Gratitude

This time of year usually stirs up the desire to reflect upon the last 12 months, and to express gratitude for all that we have. The following quote (long but good!) was sent to me and unfortunately I couldn’t find the name of the author. I hope you enjoy it, and happy holidays to you and yours!

“Gratitude turns what we have into enough. Gratitude turns failures into success, suffering into a chance for renewal, the unexpected into perfect timing. Gratitude makes sense of our past, brings peace to today, and clarity for tomorrow. Gratitude merely smiles at dissatisfaction and disappointment.

It was during one very painful period of my life that I made a firm choice to walk the path of gratitude. At a time when my suffering had reached the depths, when I felt misunderstood and betrayed by some of those I trusted to stand by me, I made the seemingly irrational choice to be thankful. In my pain, I had chosen to focus on awareness of what was good in my life in the present. The only other choice was not to be thankful, to resent the actual conditions of my life and everything that had created those conditions. It was then that I saw that I could be grateful for the pain and what it was telling me. In essence I was learning to trust something beyond my immediate circumstances, something that restored my sense of peace, strength and openness to life.

When something so manifestly good and generous happens, it is natural to respond with gratitude. But in a way the very naturalness of this response has its down side, for it appears to confirm the notion that gratitude is a response; it is evoked by a prior action. And it is exactly this notion that the great spiritual teachers of all traditions have consistently challenged. And precisely in this challenge lies our freedom. Yes, it’s easy to be grateful when something good has been done for you (although, sadly, even this healthy human response seems increasingly under challenge nowadays is our escalating culture of entitlement and victimhood.) But have you ever thought about gratitude not as a response but as a force in its own right: an initiating and healing energy that is not dependent on external circumstances but is rather an innate power of the human soul? When understood and wielded in this fashion, it has the power to liberate us from our self-imposed prisons of self-pity and envy and to actually change the energy fields (and hence, the outcome) of our circumstances. In plain words, we can actually change our reality by being grateful first: not as a response but as an innate way of being.
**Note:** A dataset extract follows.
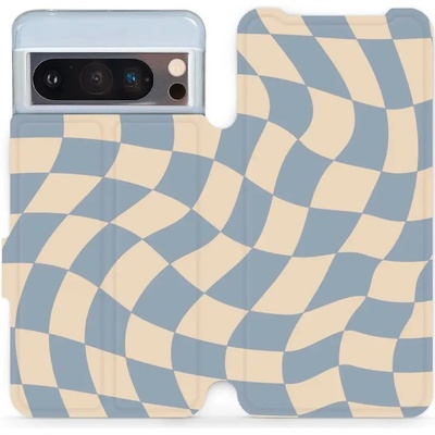 Knížkové pouzdro, obal, kryt Mobiwear na mobil Google Pixel 8 Pro - VA59S Modrá a béžová šachovnice - ochrana celého telefonu, funkce stojánku, odolná TPU vanička, magnetické...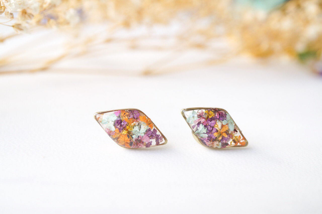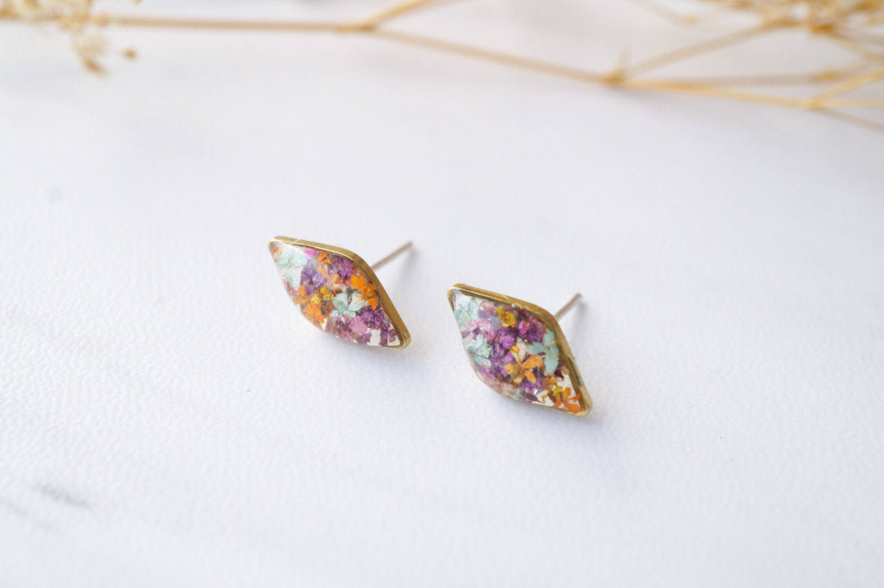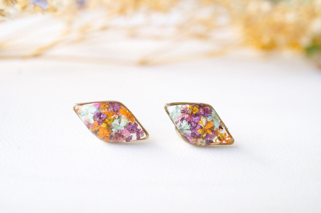 Real Dried Flowers and Resin Diamond Stud Earrings in Purple Pink Orange Mint

A lot of people will tell you to make up lists of things in your life to be grateful for. (“Counting your blessings”) You don’t have to conjure up lists of things to talk yourself into being grateful for. It’s hard to cajole your feelings into logical response; feelings are not logical. Instead I’d suggest simply being quiet inside, paying attention to the rise and fall of your breathing, your heartbeat, the sensation of your feet on the ground or the breeze against your cheek. Let your story go for a few minutes, with all its wants and needs, and pay attention ‘not to what you are but THAT you are’. And in that connection lies the true source of your abundance and the wellspring of gratitude. A well-known Sufi teacher summarizes this teaching well: ‘If you can learn to make all cares into one care, the care for simply being present, you will be cared for by that presence, which is itself creative power and love.’ Gradually you will come to see that gratitude is not a response; it is something that is always flowing through you, and that you can learn to flow with. To be thankful for both abundance and hard times is wisdom, for thankfulness is the panacea that turns pain into happiness.”